4) Business Taxation
Please schedule an appointment to discuss Business Taxation.
5) Non Profit Corporations :
Private and Family Foundations Trusts:
Client often needs a nonprofit enterprise. Client can form an enterprise which has a manifest charitable, religious, or mutual benefit purpose, or if tax-exempt status is necessary to attract funds. Many activities, however, can be carried on by a for-profit or nonprofit entity, such as scientific research enterprises, private schools, or hospitals. Private family foundation trusts avoids the arbitrary 49-percent restriction of Corp C §5227(a) that would prevent a board from being composed solely of family members if even one member of the family is to be employed by the foundation.

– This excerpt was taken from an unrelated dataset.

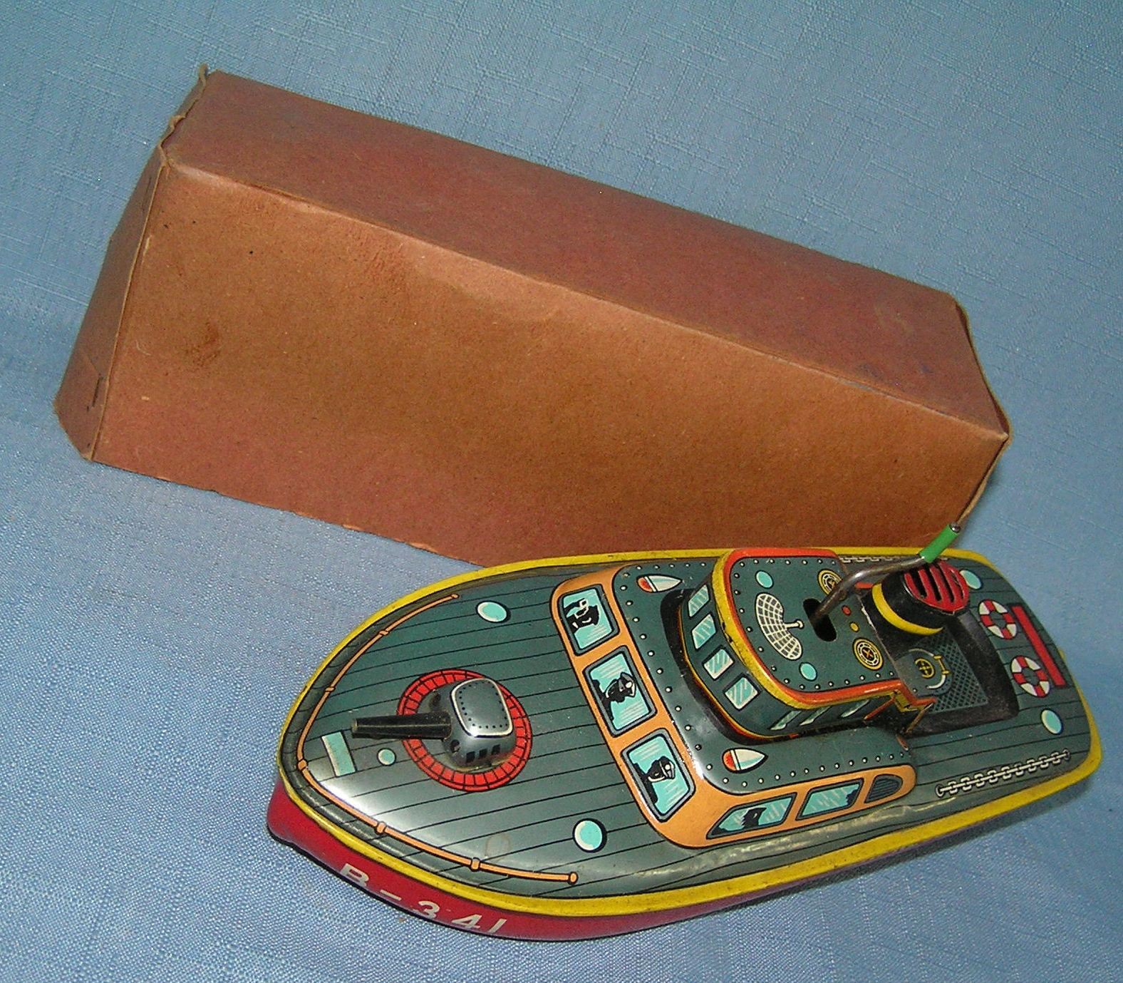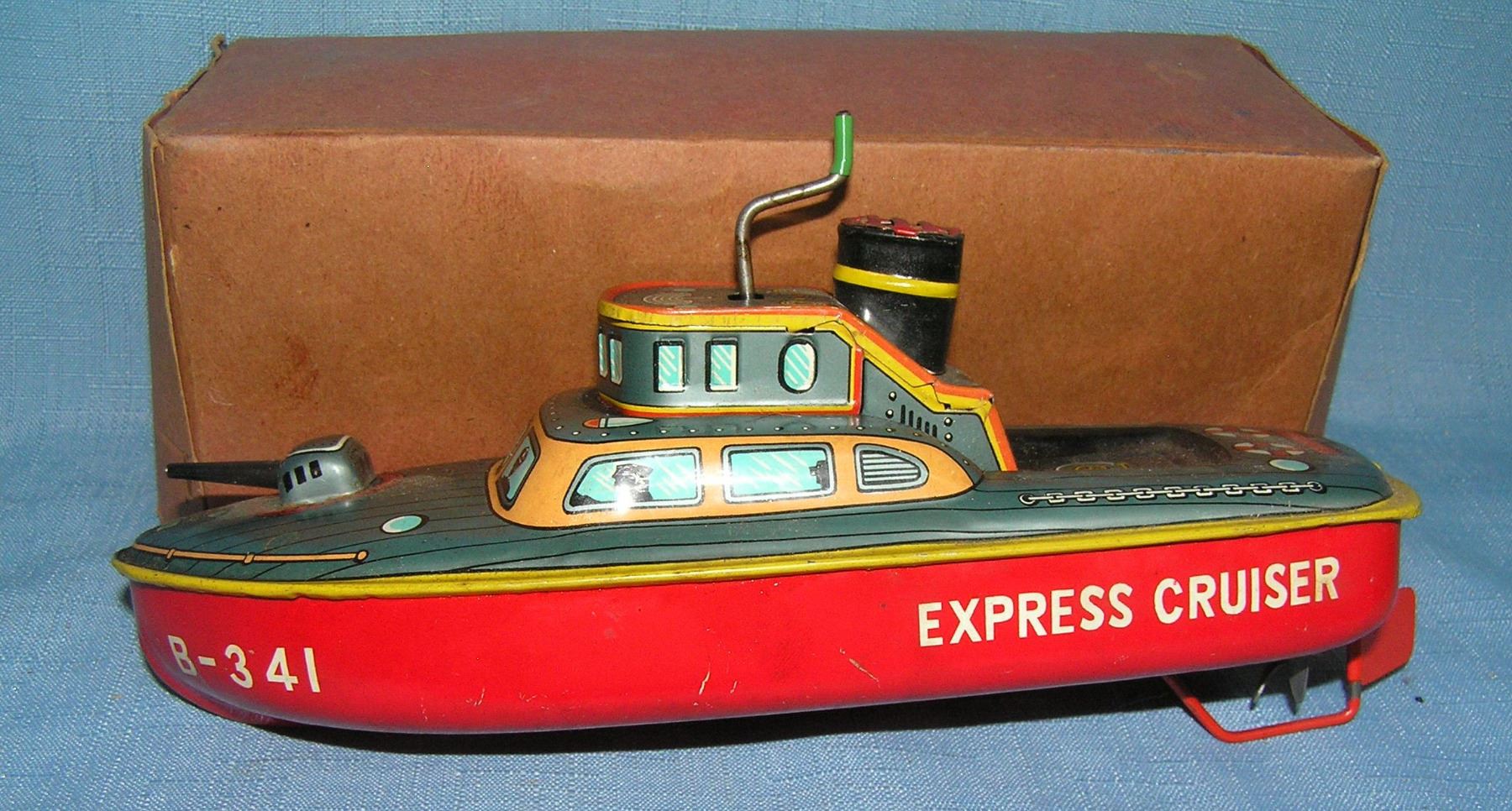 Early wind up mechanical all tin B-341 express cruiser boat with directional rudder and working great with lower portion of original box est. value $225.00-$250.00

Charitable corporations, (a) are required to file reports with the Attorney General under Govt. C §12583 (b) have annual revenue in excess of $ 2 million and (c) must prepare annual financial statements that are audited by an independent certified public accountant in conformity with generally accepted accounting standards.
6) Selection of Business Entity
Attorneys generally advise clients to avoid general partnerships because of the unlimited liability that each partner has for the obligations of the partnership and for acts of other partners committed within the scope of the partnership business.
Family business entities may accomplish a number of goals, including (1) income, gift, and estate tax planning and tax savings through valuation discounts; (2) centralized management of assets; (3) pooling of assets; (4) asset protection; and (5) training younger generations in management of assets. The ability to meet multiple goals has contributed to the popularity of these entities. However, family business entities can be complex and expensive to implement. They are often treated by the IRS as aggressive for gift and estate tax planning and therefore subject to heightened scrutiny.